6.6: Energy from Biomass

  • Biomass: It is biological material derived from living, or recently living, organisms that can be burned in large incinerators to create steam that is used for generating electricity.

    • It can be grown on marginal land that is not suitable for agriculture.

  • Anaerobic digestion: A collection of processes by which microorganisms break down biodegradable material, in the absence of oxygen, to produce methane gas, which is then burned to produce energy.

    • Reduces the reliance on coal and oil.

    • Reduces the impact of land disturbances required for coal mining.

    • Reduces the methane emissions from landfills that contribute to global warming.

  • Biofuel: A liquid fuel produced from living organisms.

    • These are biodegradable, can be converted into biodiesel or bioethanol to power vehicles.
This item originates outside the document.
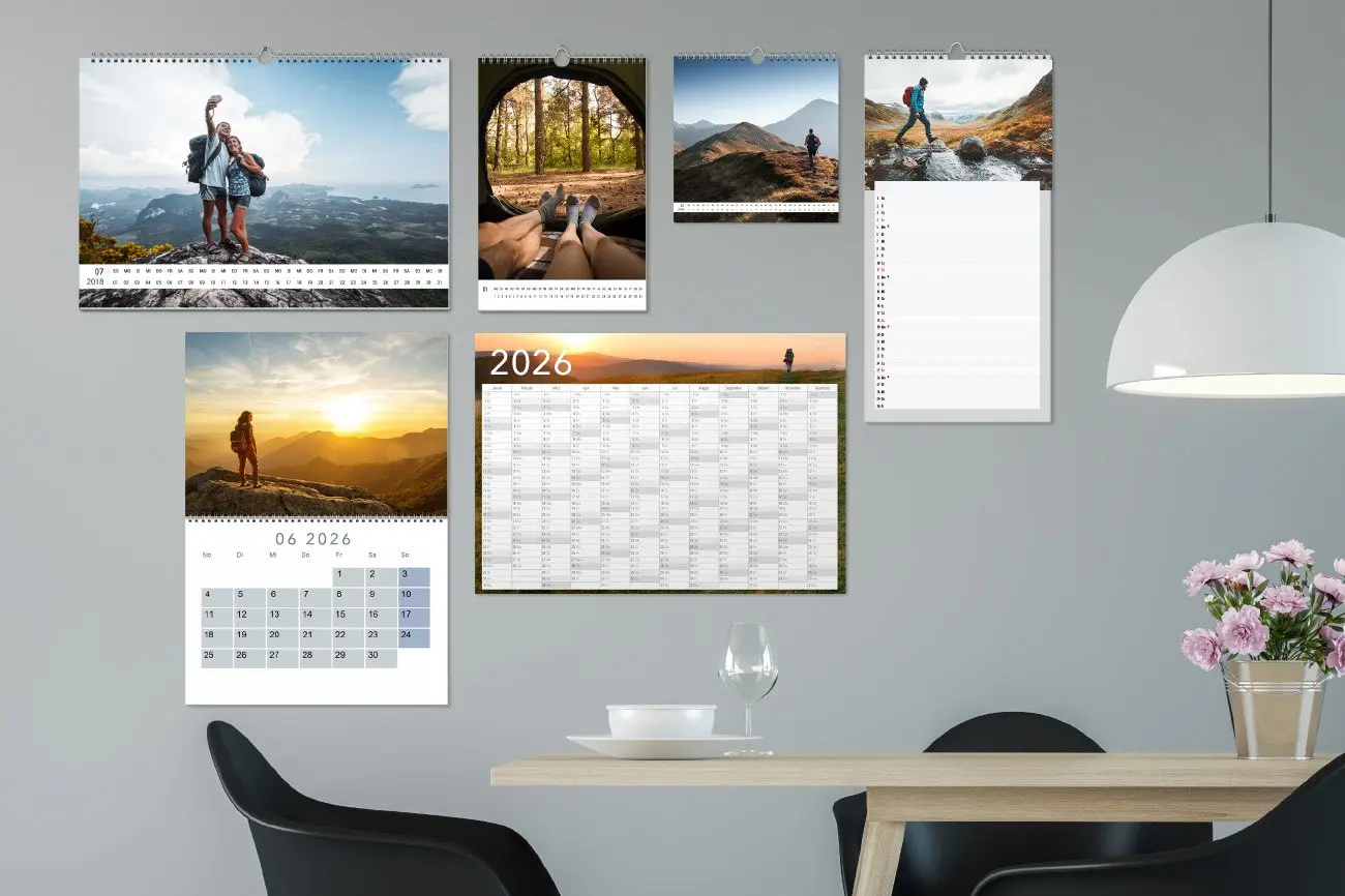 Wand-, Tisch- und Familienkalender in mehreren Formaten (z. B. A4/A3, quadratisch). Verfügbare Größen siehst du auf der Produktseite und im Editor.

    • It can be produced anywhere as opposed to fossil fuels.

    • It is a renewable energy source.

Anaerobic Digester


6.7: Solar Energy

  • Solar energy: It consists of collecting and harnessing radiant energy from the sun to provide heat and/or electricity.
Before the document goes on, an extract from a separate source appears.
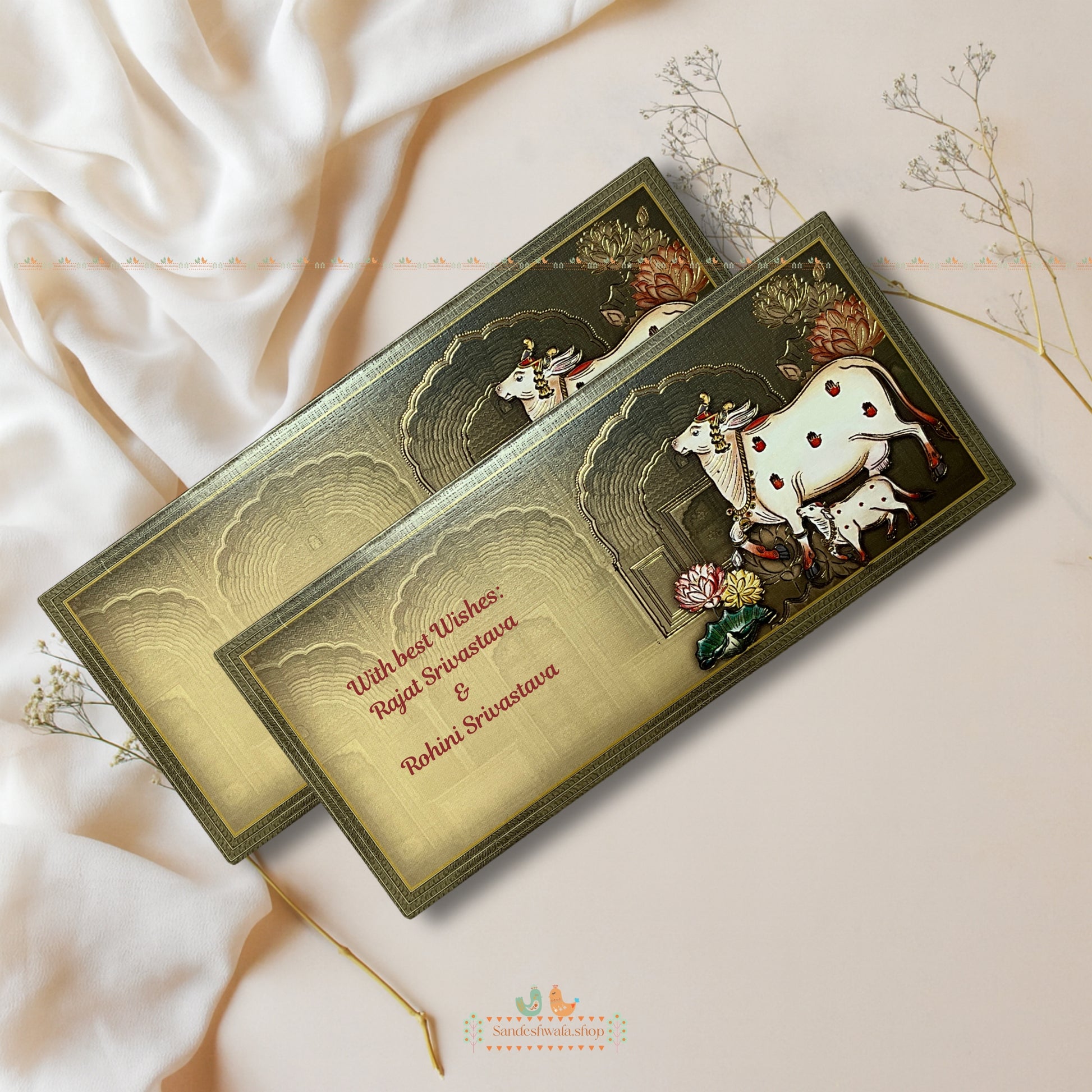 Temple Cow Theme Shagun Envelope - Essential Collection

    • Electrical power and heat is generated at home and at industrial sites through photovoltaic cells, solar collectors, or at a central solar-thermal plant.

  • Passive solar heating: It does not include any type of mechanical heating device and functions by incorporating building features that absorb heat and then release it slowly to maintain the temperature throughout the building.
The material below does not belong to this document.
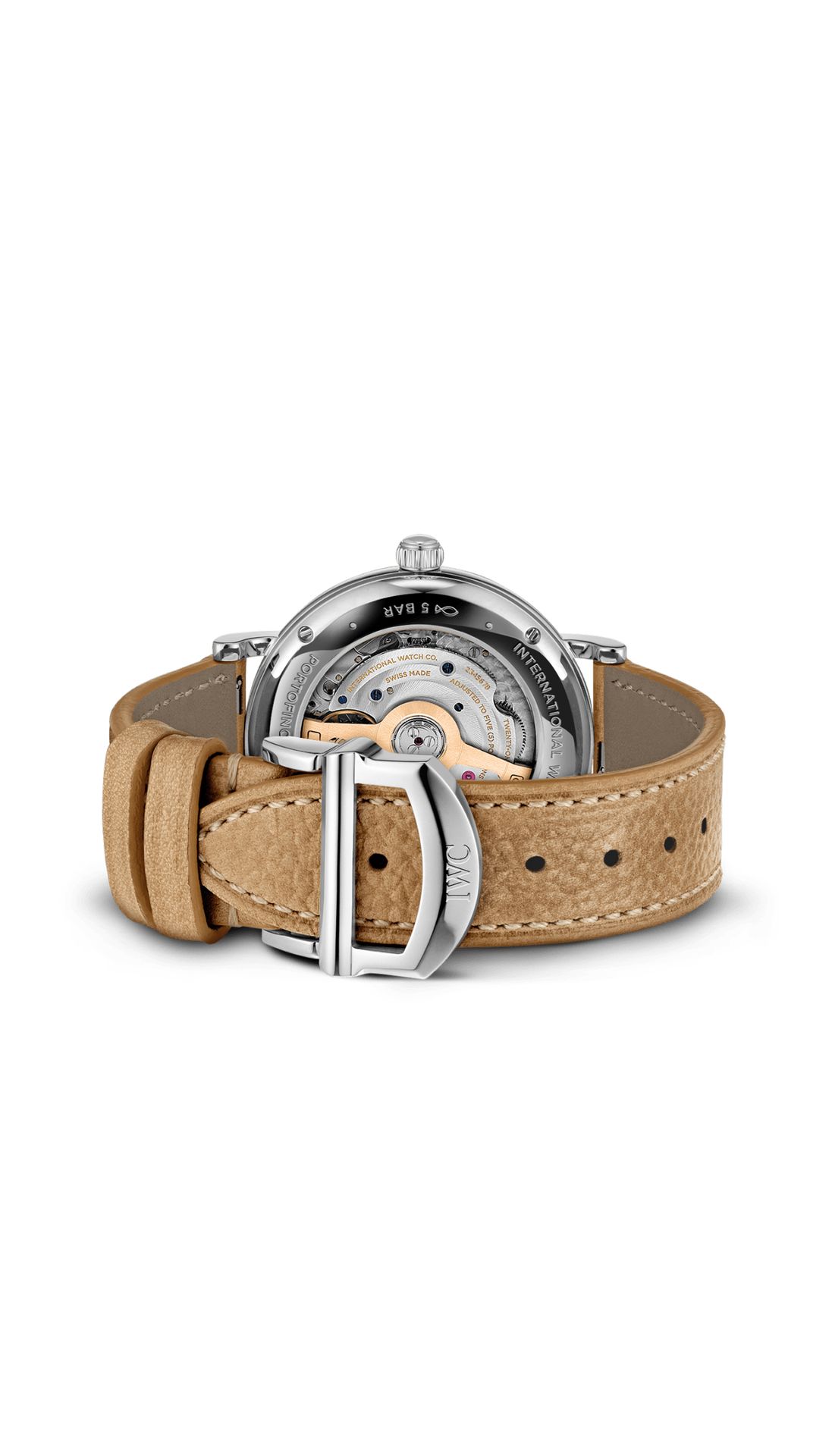 The Portofino Automatic 37 features the IWC-manufactured 32111 caliber and a see-through sapphire glass back displaying the movement.

  • Active solar heating: It generates more heat than passive systems, and relies on three components: a solar collector to absorb the solar energy, a solar storage system, and a heat transfer system.

  • Residential photovoltaic system: It consists of solar panels to absorb and convert sunlight into electricity, a solar inverter to change the electric current from DC to AC, and a battery storage and backup system.

Passive vs. active solar systems


6.8: Hydroelectric Power

  • Dams: These are built to trap water, which is then released and channeled through turbines that generate electricity.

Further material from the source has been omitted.